EXTRACTED MATERIAL:
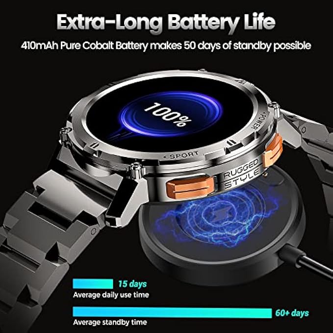 • ⌚60Day+ ultra-long life battery - AMAZTIM T2 is equipped with a 100% pure cobalt-based battery (military grade), the battery capacity is as high as 410mAh ensuring optimal performance and longevity which is twice as much as that of conventional smart watches. At the same time, super power-saving AI algorithm breaking the industry is adopted to minimize power consumption, enough to last up to 2 weeks under normal use, and can continue to use sports mode, health index measurement and other functions for up to 60+ days in power-saving mode. With a quick 10-minute charge, you can have enough battery backup to last for up to 3 days.
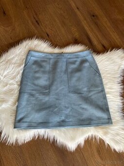 Hezká krátká sukně modré barvy, příjemný materiál, kapsy, vzadu zip Zn.Orsay vel.40
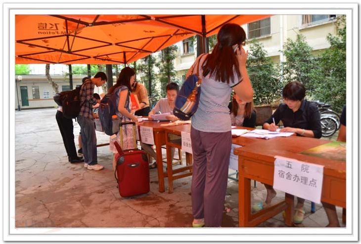 学生处将新生报到工作点设置到各宿舍楼,考虑到在宿舍楼中进行集中大量的发卡录入工作可能导致的一系列安全问题,给新生以最方便的贴心服务,公寓服务中心积极配合好学校的迎新工作,妥善在各宿舍楼下安排好报到场地,抽调大量工作人员为新生及时办理住宿手续,公寓阿姨们连续奋战在一线,维持秩序,确保楼内安全,24小时的值班管理保证每一名新生到校就能入住,为迎新工作的顺利展开打下坚实基础。
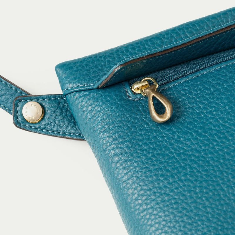 前面に設けたファスナー式ポケットは、しっかりとスマートフォンを入れられる容量を確保するとともに、フラップのコバをシャープな焦げ茶色にすることで、丸みを帯びたボディのフォルムを際立たせる、シャープな直線の美しいバランスを実現。さらに、ショルダーベルトを細めにすることで、大げさ過ぎずにファッションに寄り添うながら、ボディとの接続にはカフスボタンを想わせる真鍮製のオリジナル金具を用いて、デザインのアクセントとしても魅力的に仕立てています。
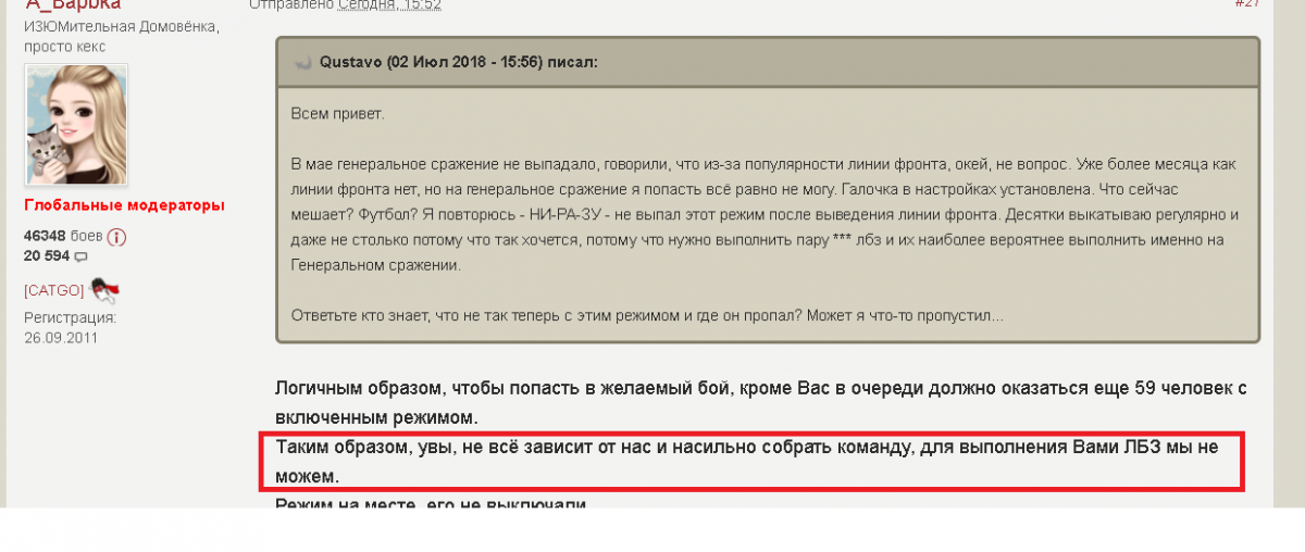К примеру, у меня орудие заряжалось 1,9 секунд, а стало 2,0 секунд. Убрали доли секунд. Немного исправил: К примеру, у меня орудие заряжалось 1,99 секунд, а стало 2,0 секунд. Убрали сотые доли секунд. Зачем? Можете ссылку дать на этот вопрос и чем аргументировали подобное решение. Особо умным - в спорте даже доли секунда определяют кто будет первым, а кто вторым. Танки не киберспорт? Чего тогда есть жалоба "неспортивное поведение"?
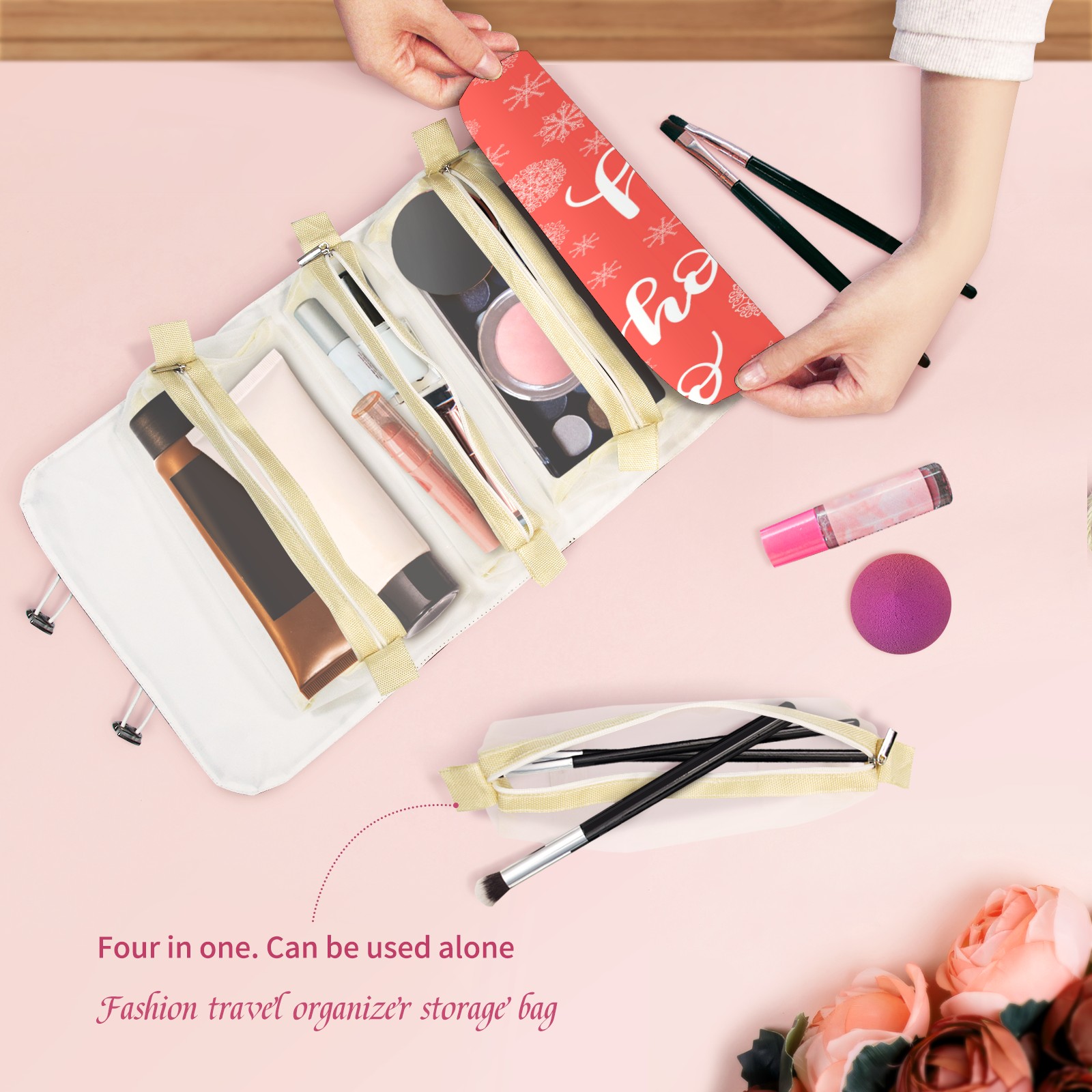 Makeup Bag Organizer Toiletry Bags for Traveling Travel Makeup Organizer Make Up Case Roll Up Toiletry Bag Makeup Bag Ho & Snowflake Travel Cosmetic Bag
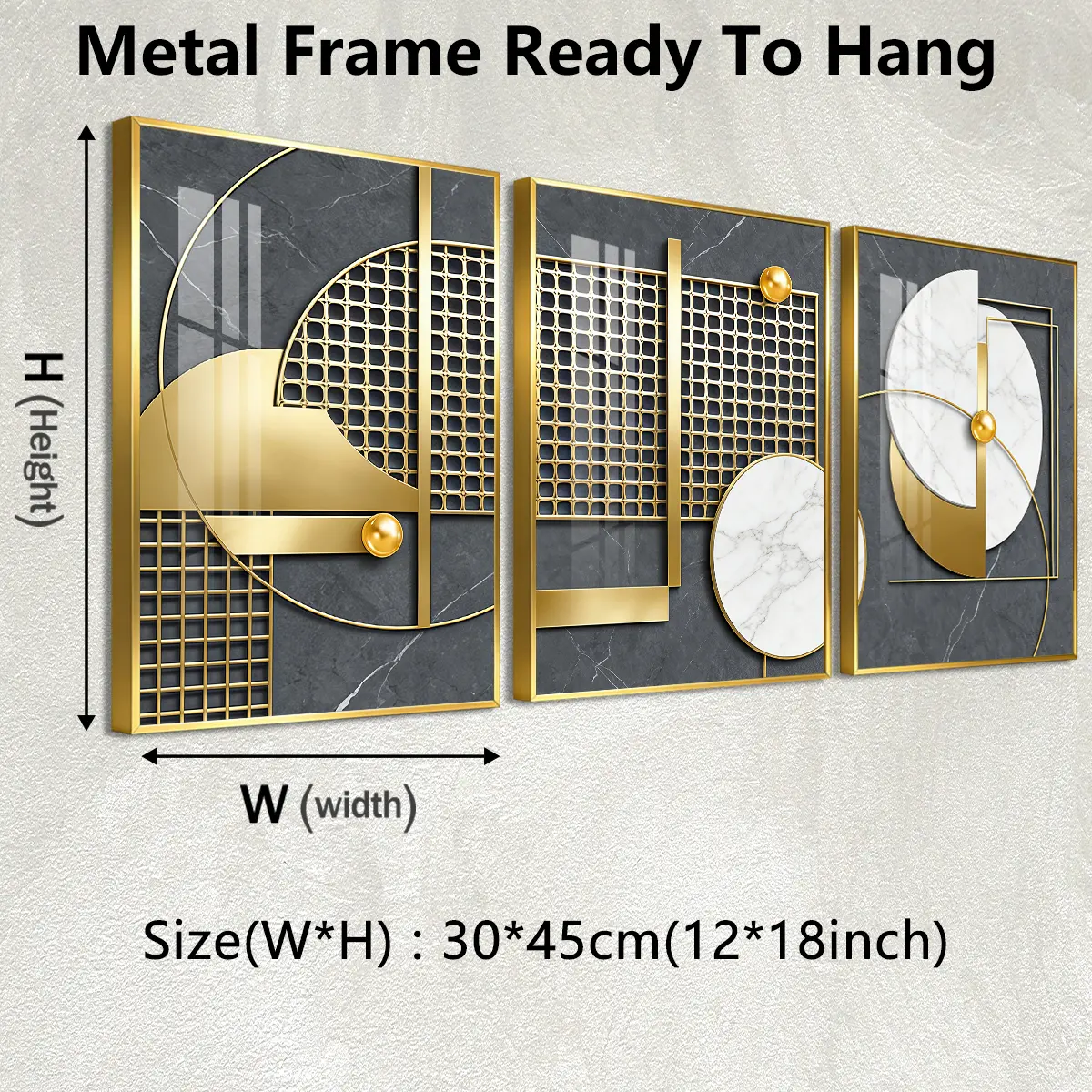 3 Counts Aluminum Alloy Framed Painting, Geometric Gold And Marble Abstract Art, Home Decoration For Living Room, Bedroom, Office, Restaurant, Hallway Wall Decor, Odorless Print Artwork, Luxury Perfect Gift For Friends And Family
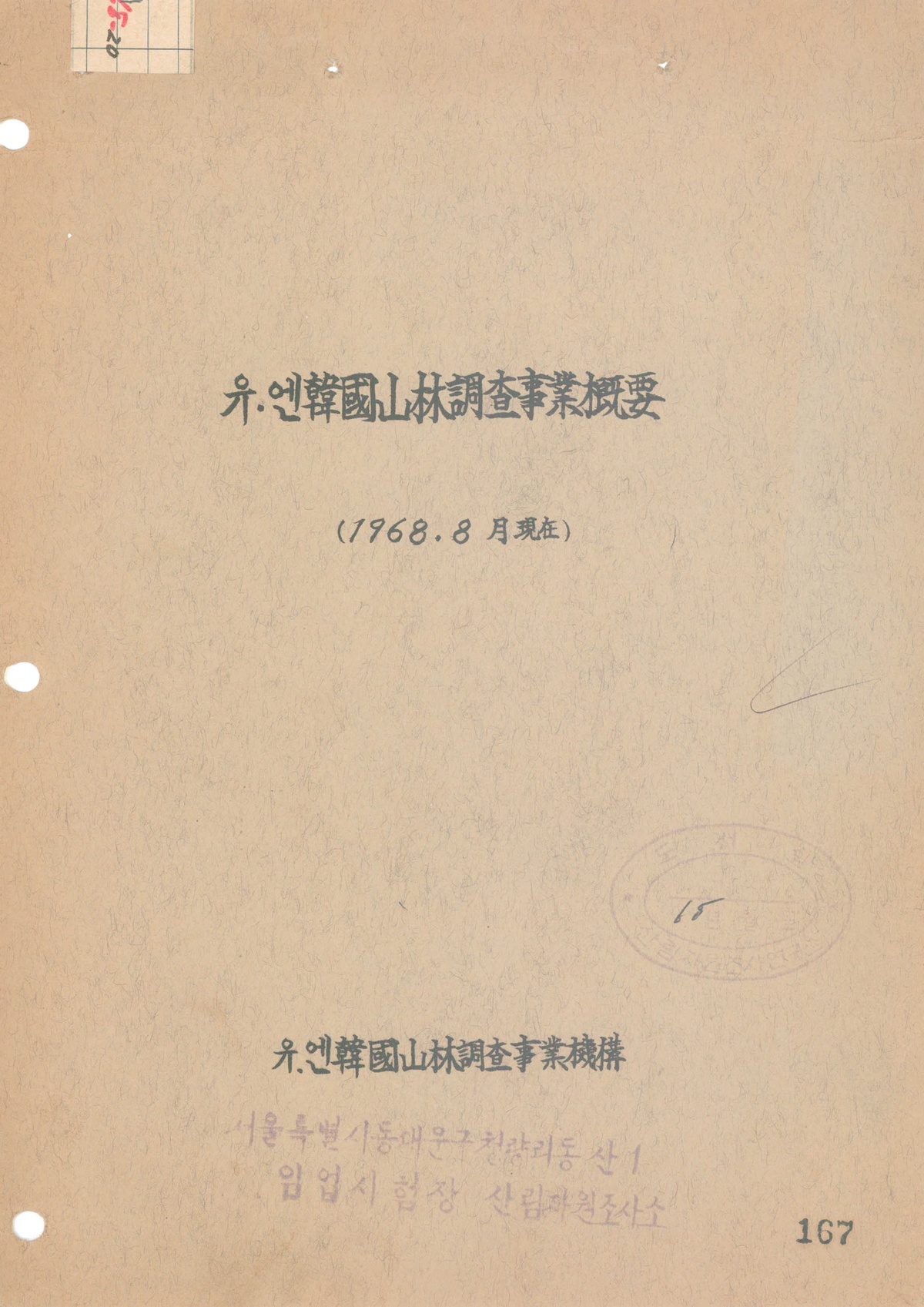 | 178 | 일반기록물 | 유엔 한국산림조사사업 개요(1968. 8월 현재), 유.엔한국산림조사사업기구 | 농촌진흥청 임업시험장 | 1964 | |
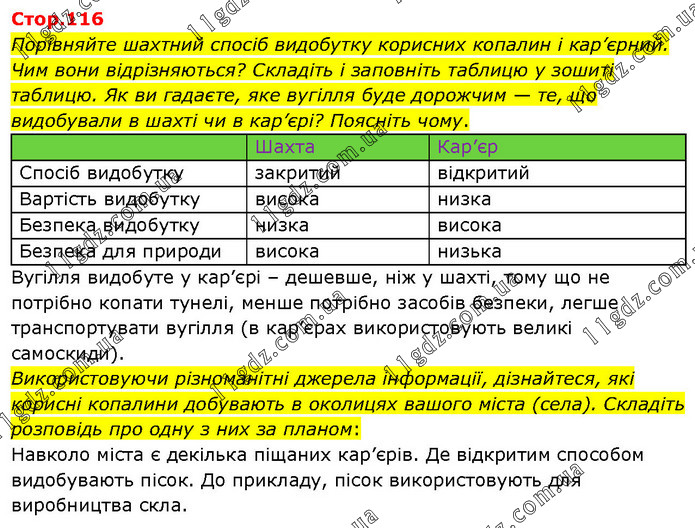 Порівняйте шахтний спосіб видобутку корисних копалин і кар’єрний. Чим вони відрізняються? Складіть і заповніть таблицю у зошиті таблицю. Як ви гадаєте, яке вугілля буде дорожчим — те, що видобували в шахті чи в кар’єрі? Поясніть чому. Шахта Кар’єр Спосіб видобутку закритий відкритий Вартість видобутку висока низка Безпека видобутку низка висока Безпека для природи висока низька Вугілля видобуте у кар’єрі – дешевше, ніж у шахті, тому що не потрібно копати тунелі, менше потрібно засобів безпеки, легше транспортувати вугілля (в кар’єрах використовують великі самоскиди). Використовуючи різноманітні джерела інформації, дізнайтеся, які корисні копалини добувають в околицях вашого міста (села). Складіть розповідь про одну з них за планом: Навколо міста є декілька піщаних кар’єрів. Де відкритим способом видобувають пісок. До прикладу, пісок використовують для виробництва скла.
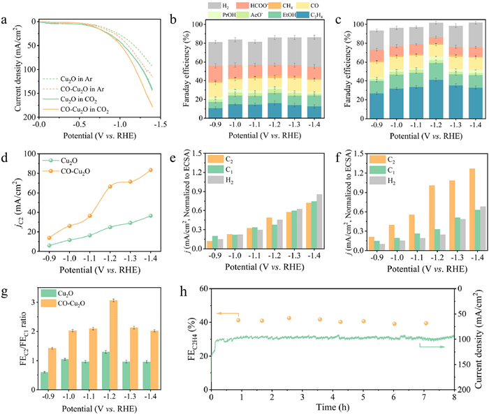 | Fig. 4. CO2-to-C2 electroreduction performance. (a) Comparison of LSV for CO2 and Ar-saturated electrolytes. Faradaic efficiency of each product generated with (b) Cu2O and (c) CO–Cu2O at various imposed potentials. (d) The partial current density of C2 products at various potentials over Cu2O and CO–Cu2O. ECSA-normalized current density of different products of (e) Cu2O and (f) CO–Cu2O. (g) The FEC2/FEC1 ratios of Cu2O and CO–Cu2O under various imposed potentials. (h) Stability tests of CO–Cu2O at −1.2 V vs. RHE in 0.5 mol/L KHCO3. | |
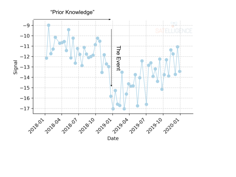 Figure 1. Radar Satellite signal through time. Showing the ‘prior knowledge’ (when the area was forest) and ‘the event’ (deforestation) parts which are used in Bayesian statistics
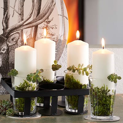 Fire ganske almindelige drikkeglas fores med mos, og fire bloklys sættes i hvert sit glas. Bind stængler af en lidt ranglet sukkulent rundt om lysene og stil dem samlet som i den sorte glasholder eller hver for sig, evt. på de små drinksbrikker. Glasholder i sortlakeret metal ca. 135 kr. fra Ib Laursen, drinksbrikker ca. 139 kr. for 4 stk. og finérbakke med kronhjort ca. 269 kr. (38 cm Ø) fra Koustrup & Co.
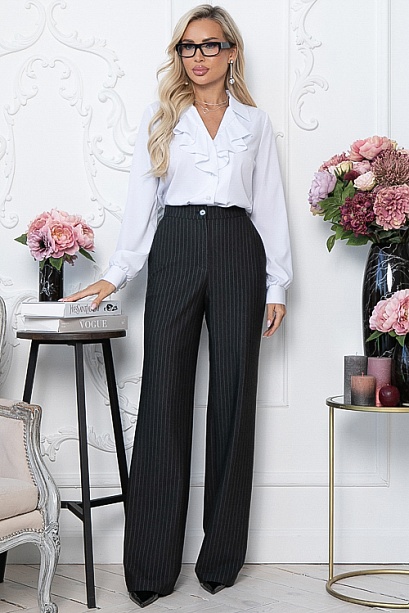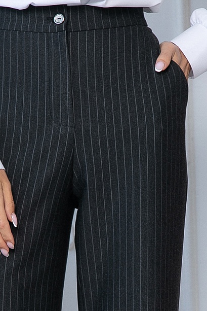 • Брюки из плотного хорошо держащего форму  трикотажного полотна в полоску, с высокой посадкой по талии  застегивающиеся на молнию в гульфике.Пояс притачной с застежкой на пуговицу.Для удобства в носке пояс по спинке собран на резину.По бокам подрезные функциональные карманы.

WORK INSTRUCTIONS:
Reproduce, word for word, everything in the listing above from the line containing "Makeup Bag Organizer" down to the line containing "3 Counts Aluminum", both of them included. No pictures.

RESULT OF THE TASK:
 Makeup Bag Organizer Toiletry Bags for Traveling Travel Makeup Organizer Make Up Case Roll Up Toiletry Bag Makeup Bag Ho & Snowflake Travel Cosmetic Bag
 3 Counts Aluminum Alloy Framed Painting, Geometric Gold And Marble Abstract Art, Home Decoration For Living Room, Bedroom, Office, Restaurant, Hallway Wall Decor, Odorless Print Artwork, Luxury Perfect Gift For Friends And Family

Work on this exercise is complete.